#### Required work:
One part of the entries below is wanted: the lines from the one containing "たとえば、BIMIを利用して" through the one containing "에어프라이어에 한번에 요리하기가". Write those out exactly and nothing else.

#### Excerpted data:
[Start of section]
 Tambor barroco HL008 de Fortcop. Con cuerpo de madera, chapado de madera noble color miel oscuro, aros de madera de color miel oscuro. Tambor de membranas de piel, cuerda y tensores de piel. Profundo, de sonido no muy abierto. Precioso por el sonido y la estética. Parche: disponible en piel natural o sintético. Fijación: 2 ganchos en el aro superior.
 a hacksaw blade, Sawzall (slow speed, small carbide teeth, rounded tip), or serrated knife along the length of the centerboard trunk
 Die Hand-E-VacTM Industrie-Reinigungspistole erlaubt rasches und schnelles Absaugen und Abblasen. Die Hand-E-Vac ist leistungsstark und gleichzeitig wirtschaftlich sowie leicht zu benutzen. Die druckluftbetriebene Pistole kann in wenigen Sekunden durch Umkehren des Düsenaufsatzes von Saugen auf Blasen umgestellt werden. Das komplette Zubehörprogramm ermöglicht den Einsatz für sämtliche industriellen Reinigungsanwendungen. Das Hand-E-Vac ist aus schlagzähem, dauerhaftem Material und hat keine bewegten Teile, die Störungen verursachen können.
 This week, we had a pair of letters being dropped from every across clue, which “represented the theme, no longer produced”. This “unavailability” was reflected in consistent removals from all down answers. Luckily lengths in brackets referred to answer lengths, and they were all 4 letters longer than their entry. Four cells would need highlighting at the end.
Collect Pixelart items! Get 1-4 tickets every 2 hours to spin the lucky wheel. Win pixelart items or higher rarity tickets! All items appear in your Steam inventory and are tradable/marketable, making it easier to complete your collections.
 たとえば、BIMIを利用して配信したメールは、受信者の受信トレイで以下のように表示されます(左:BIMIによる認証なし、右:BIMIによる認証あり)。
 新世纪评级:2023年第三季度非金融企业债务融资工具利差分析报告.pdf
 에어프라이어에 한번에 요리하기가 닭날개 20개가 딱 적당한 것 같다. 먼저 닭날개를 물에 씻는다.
[End of section]
[Start of section]
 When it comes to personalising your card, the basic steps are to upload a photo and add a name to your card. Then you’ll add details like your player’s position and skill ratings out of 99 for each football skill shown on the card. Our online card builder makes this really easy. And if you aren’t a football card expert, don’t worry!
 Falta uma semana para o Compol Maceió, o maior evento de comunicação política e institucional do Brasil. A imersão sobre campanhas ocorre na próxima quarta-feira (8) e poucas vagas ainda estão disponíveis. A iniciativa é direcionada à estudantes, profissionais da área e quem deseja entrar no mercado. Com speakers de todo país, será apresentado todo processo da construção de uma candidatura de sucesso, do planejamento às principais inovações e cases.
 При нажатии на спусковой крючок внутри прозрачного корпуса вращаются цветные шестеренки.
[End of section]
#### Answer to the exercise:
 たとえば、BIMIを利用して配信したメールは、受信者の受信トレイで以下のように表示されます(左:BIMIによる認証なし、右:BIMIによる認証あり)。
 新世纪评级:2023年第三季度非金融企业债务融资工具利差分析报告.pdf
 에어프라이어에 한번에 요리하기가 닭날개 20개가 딱 적당한 것 같다. 먼저 닭날개를 물에 씻는다.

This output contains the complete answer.